#### PROBLEM DESCRIPTION:
In the records that follow, find the line containing "Terminamos la tarde" and the line containing "Einem Dirigenten oder", then transcribe both and every line between them exactly, omitting pictures.

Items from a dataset
■ ■ ■
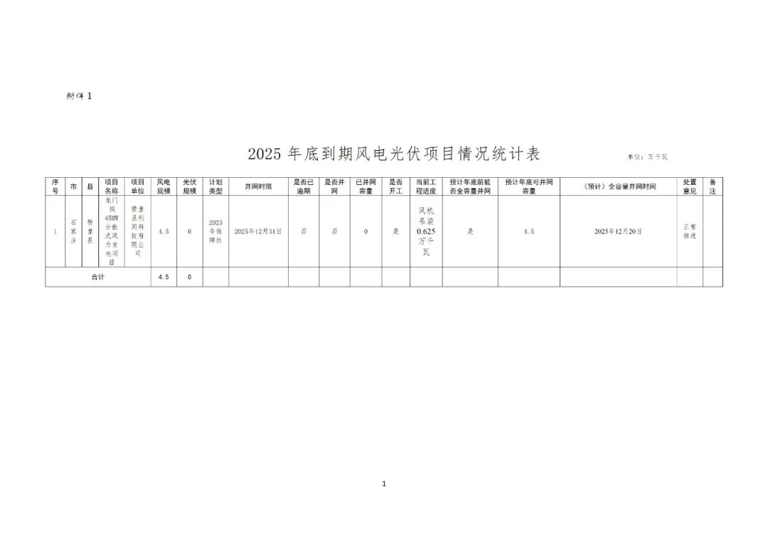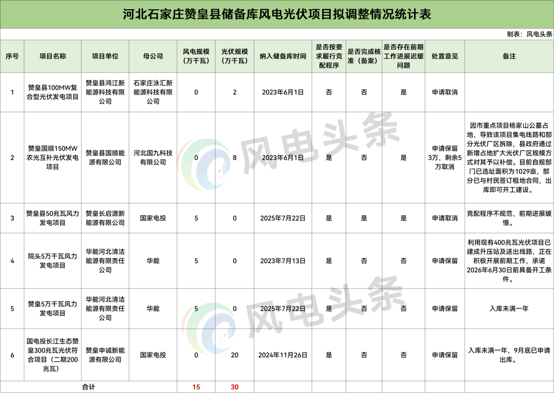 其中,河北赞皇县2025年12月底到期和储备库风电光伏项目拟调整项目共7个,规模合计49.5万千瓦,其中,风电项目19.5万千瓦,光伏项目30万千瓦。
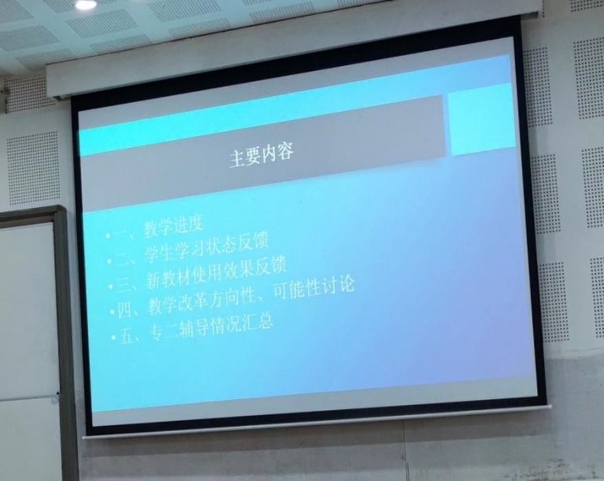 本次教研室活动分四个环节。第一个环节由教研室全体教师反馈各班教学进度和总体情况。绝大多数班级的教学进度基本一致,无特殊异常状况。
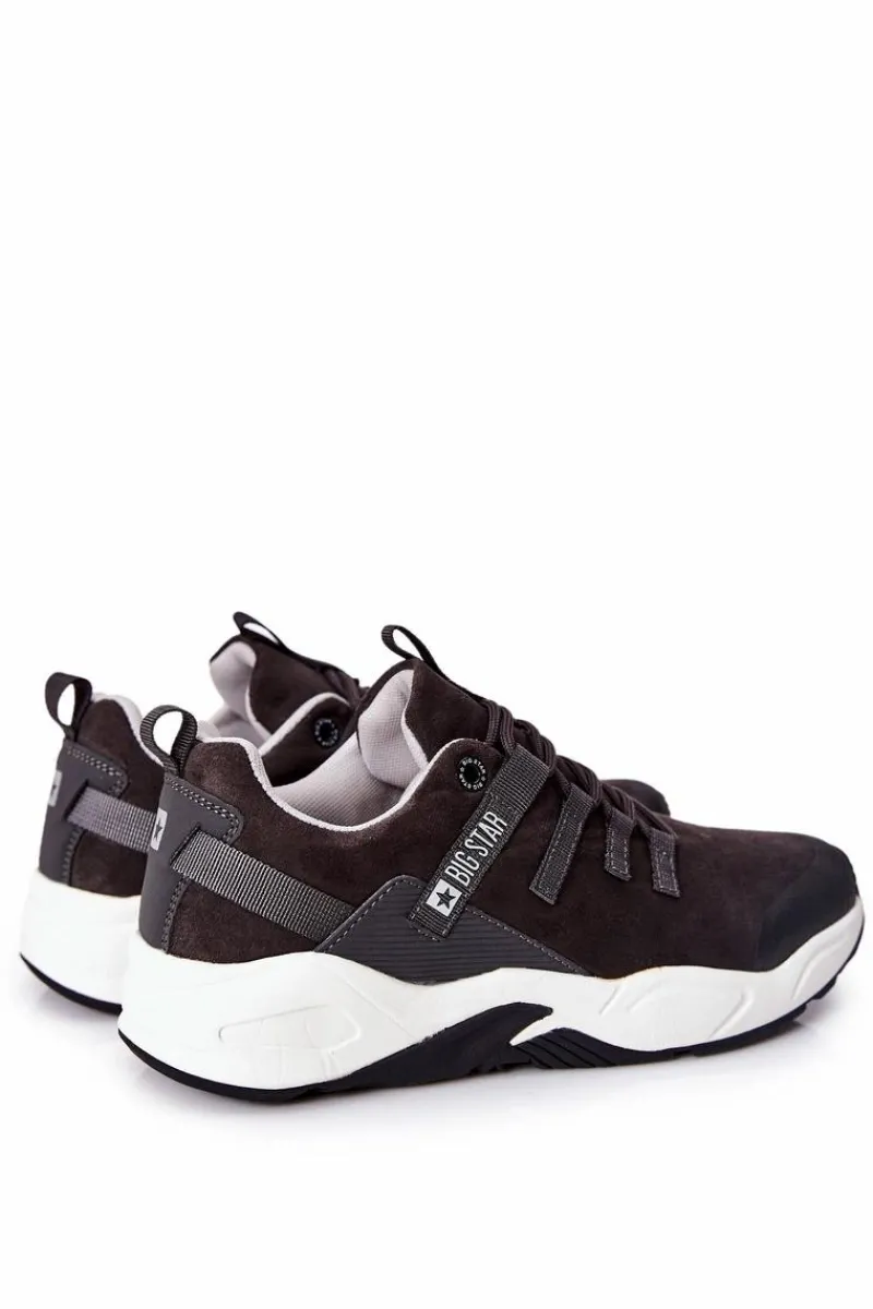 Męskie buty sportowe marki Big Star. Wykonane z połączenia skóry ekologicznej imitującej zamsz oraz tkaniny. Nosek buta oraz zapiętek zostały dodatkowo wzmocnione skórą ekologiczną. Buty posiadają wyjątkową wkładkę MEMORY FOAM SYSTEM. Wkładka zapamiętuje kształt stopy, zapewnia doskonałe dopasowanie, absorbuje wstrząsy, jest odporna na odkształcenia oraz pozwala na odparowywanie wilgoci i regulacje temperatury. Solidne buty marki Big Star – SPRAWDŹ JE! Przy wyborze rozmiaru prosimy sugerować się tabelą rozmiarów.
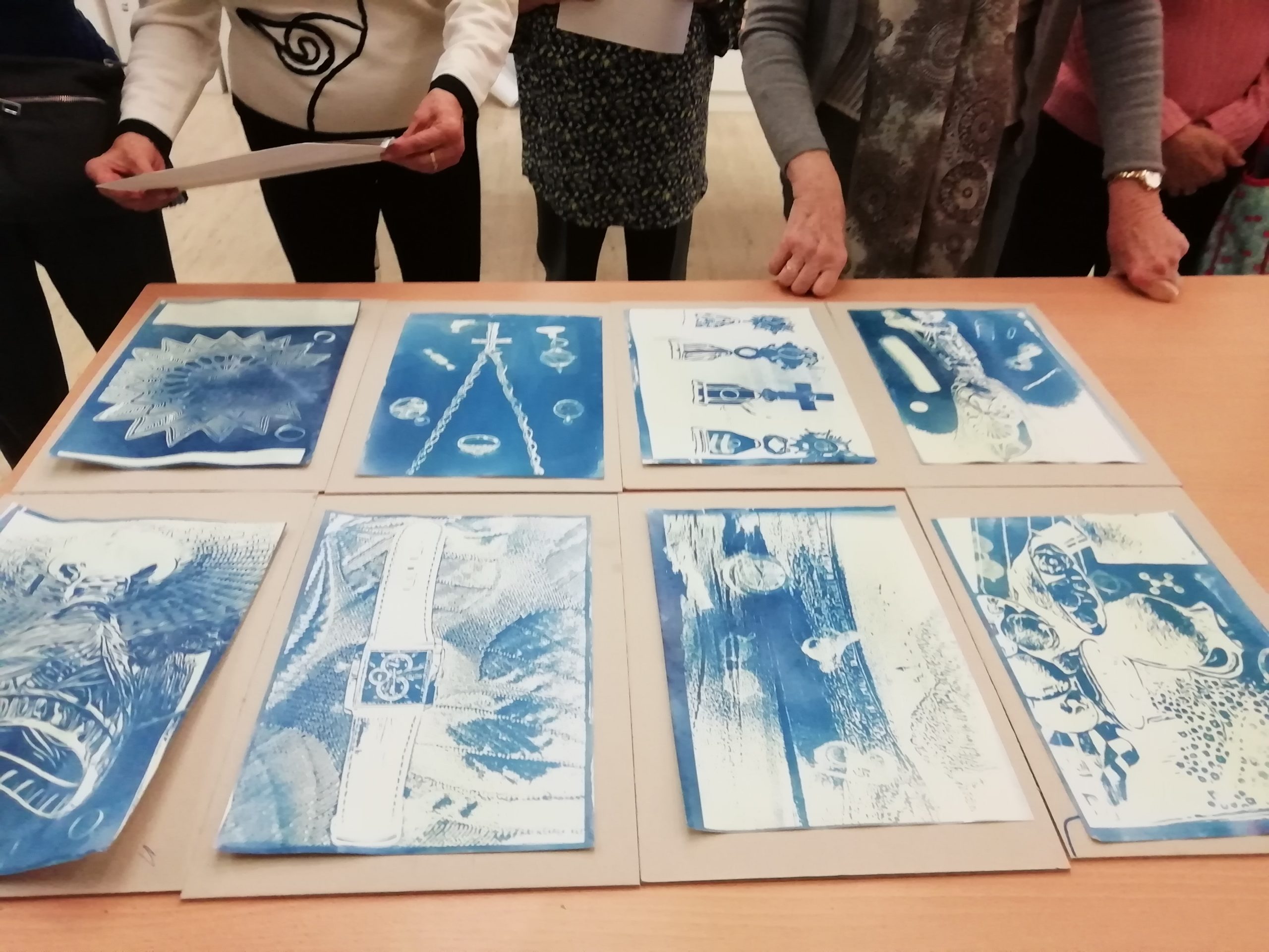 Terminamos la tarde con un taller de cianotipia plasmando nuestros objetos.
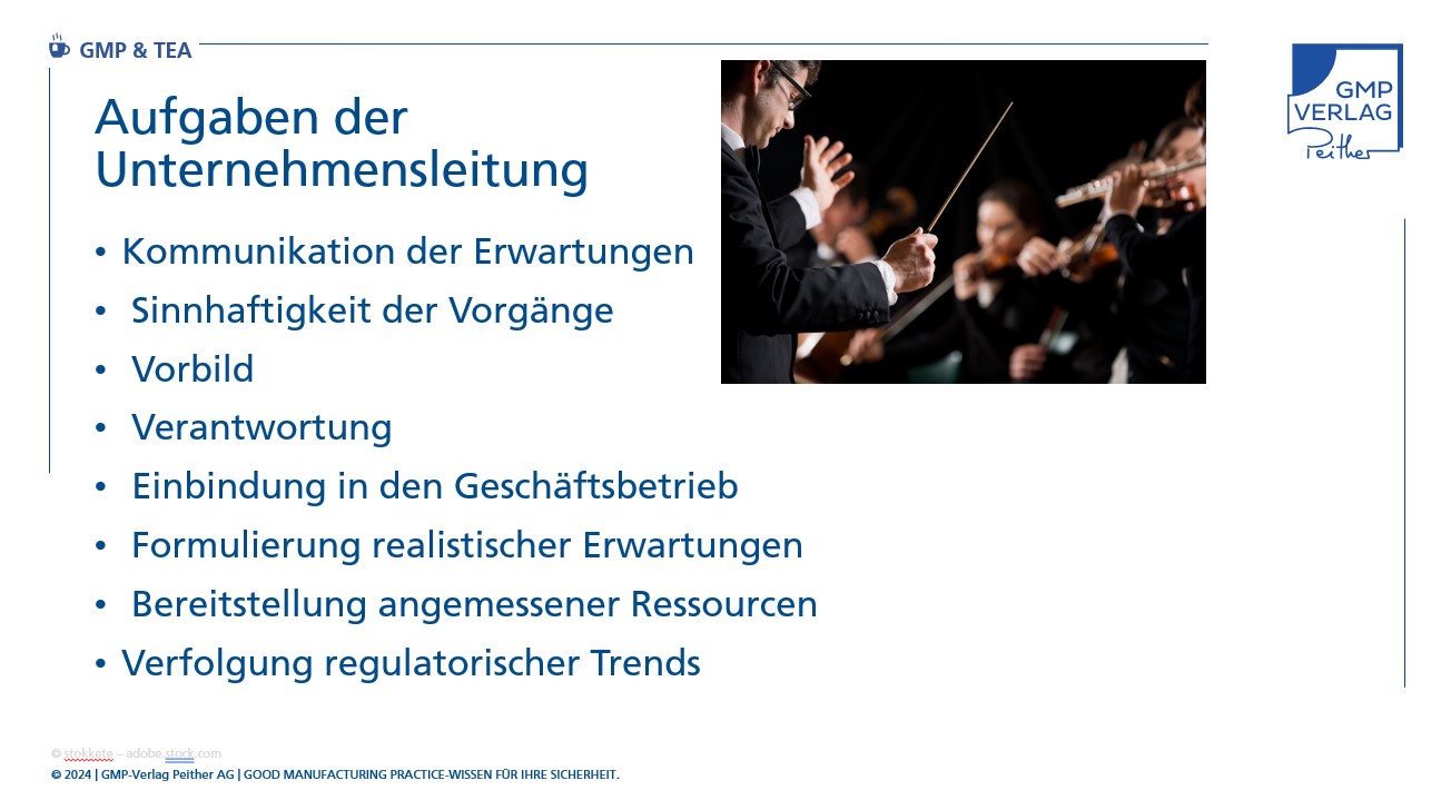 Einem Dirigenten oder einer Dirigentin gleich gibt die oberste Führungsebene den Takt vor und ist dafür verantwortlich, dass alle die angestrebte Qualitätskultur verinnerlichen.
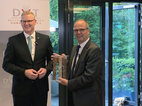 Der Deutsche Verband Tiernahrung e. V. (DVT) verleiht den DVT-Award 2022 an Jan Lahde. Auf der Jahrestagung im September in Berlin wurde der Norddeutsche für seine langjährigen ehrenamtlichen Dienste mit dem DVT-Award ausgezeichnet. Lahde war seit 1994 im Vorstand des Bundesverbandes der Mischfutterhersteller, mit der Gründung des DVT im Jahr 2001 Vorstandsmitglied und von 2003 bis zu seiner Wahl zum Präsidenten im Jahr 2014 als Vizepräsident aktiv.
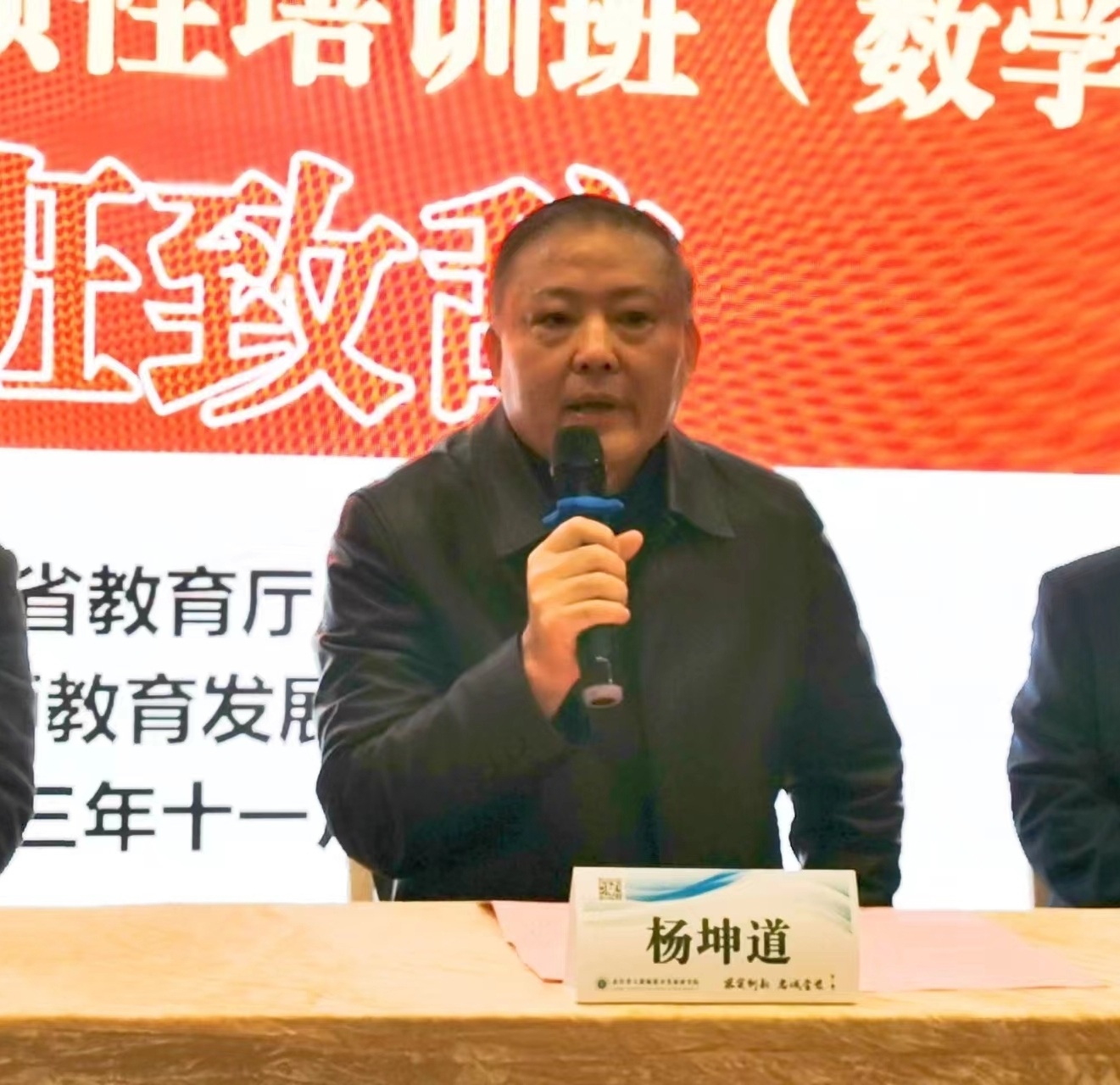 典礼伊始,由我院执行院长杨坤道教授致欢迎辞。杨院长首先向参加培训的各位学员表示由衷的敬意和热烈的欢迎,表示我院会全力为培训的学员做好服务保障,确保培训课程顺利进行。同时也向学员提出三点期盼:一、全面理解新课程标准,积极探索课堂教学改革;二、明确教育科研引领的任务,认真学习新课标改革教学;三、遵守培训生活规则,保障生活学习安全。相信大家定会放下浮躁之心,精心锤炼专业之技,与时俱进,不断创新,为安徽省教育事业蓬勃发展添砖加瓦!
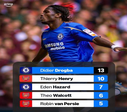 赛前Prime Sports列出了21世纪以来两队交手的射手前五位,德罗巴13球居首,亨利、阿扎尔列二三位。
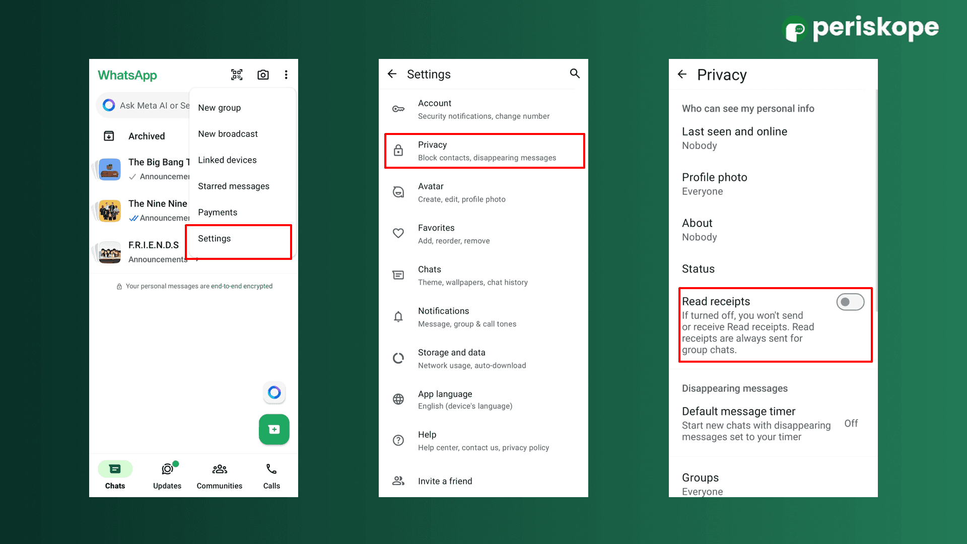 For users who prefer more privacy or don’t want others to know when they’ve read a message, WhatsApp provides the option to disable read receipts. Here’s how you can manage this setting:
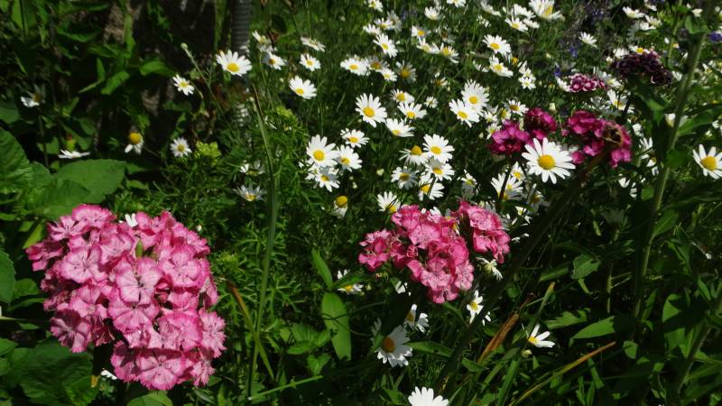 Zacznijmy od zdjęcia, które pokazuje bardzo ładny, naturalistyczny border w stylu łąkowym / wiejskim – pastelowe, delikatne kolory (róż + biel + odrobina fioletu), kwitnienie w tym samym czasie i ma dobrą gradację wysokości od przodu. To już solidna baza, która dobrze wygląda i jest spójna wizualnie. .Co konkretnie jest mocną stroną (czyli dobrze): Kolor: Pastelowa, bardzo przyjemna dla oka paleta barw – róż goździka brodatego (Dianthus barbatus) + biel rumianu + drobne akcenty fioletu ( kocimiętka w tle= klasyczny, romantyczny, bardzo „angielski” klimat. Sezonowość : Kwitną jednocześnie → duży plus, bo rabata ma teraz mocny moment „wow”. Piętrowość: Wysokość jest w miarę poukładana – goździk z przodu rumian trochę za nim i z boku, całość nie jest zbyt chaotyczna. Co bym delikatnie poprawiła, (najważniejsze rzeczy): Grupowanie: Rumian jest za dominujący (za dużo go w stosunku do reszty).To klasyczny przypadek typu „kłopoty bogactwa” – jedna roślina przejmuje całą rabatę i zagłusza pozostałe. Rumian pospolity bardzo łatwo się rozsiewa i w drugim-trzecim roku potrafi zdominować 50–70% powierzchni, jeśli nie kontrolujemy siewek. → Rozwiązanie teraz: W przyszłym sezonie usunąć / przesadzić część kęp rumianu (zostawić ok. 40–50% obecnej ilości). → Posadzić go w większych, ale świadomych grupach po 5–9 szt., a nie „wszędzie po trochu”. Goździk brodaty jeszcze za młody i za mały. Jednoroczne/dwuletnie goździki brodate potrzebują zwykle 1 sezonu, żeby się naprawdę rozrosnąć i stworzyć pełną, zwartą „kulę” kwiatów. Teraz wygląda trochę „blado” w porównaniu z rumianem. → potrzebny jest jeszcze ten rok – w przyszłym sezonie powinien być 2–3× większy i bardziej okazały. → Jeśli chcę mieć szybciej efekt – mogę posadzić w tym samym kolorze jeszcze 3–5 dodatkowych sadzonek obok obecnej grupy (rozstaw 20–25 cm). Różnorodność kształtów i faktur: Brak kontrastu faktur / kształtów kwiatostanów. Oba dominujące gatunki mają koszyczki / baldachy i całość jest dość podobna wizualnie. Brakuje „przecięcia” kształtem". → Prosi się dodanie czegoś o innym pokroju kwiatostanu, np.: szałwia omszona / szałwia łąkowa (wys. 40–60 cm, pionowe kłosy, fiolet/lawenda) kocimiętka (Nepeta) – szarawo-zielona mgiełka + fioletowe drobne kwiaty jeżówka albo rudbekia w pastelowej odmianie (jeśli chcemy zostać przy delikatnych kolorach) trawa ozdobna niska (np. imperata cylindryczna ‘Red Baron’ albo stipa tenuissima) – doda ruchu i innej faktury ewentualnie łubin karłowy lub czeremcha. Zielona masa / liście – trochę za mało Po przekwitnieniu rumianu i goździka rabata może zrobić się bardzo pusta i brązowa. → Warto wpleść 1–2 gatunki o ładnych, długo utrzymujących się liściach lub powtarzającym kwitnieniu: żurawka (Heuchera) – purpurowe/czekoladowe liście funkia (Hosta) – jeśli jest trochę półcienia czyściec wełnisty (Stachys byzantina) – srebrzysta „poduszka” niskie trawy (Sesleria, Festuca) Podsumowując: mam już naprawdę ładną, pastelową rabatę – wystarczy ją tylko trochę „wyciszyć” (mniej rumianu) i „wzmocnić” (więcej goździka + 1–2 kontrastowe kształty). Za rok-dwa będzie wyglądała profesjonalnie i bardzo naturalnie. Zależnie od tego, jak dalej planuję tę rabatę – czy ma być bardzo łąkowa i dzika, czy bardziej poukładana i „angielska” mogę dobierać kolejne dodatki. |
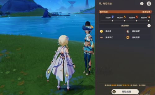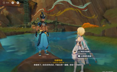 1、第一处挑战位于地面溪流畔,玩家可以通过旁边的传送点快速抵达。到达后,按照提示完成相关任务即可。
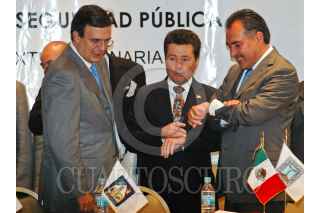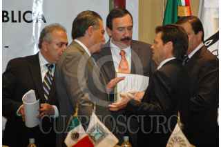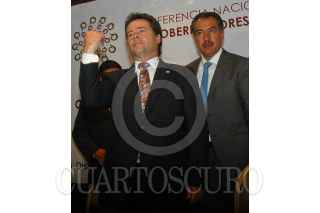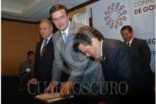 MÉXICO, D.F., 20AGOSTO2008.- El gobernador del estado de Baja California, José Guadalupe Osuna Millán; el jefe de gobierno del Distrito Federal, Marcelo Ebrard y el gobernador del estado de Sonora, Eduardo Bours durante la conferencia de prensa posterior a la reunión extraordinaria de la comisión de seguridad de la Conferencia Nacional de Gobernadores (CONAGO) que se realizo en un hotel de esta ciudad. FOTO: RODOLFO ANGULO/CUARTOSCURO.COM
■ ■ ■
#### SOLUTION FOR THIS PROBLEM:
 Terminamos la tarde con un taller de cianotipia plasmando nuestros objetos.
 Einem Dirigenten oder einer Dirigentin gleich gibt die oberste Führungsebene den Takt vor und ist dafür verantwortlich, dass alle die angestrebte Qualitätskultur verinnerlichen.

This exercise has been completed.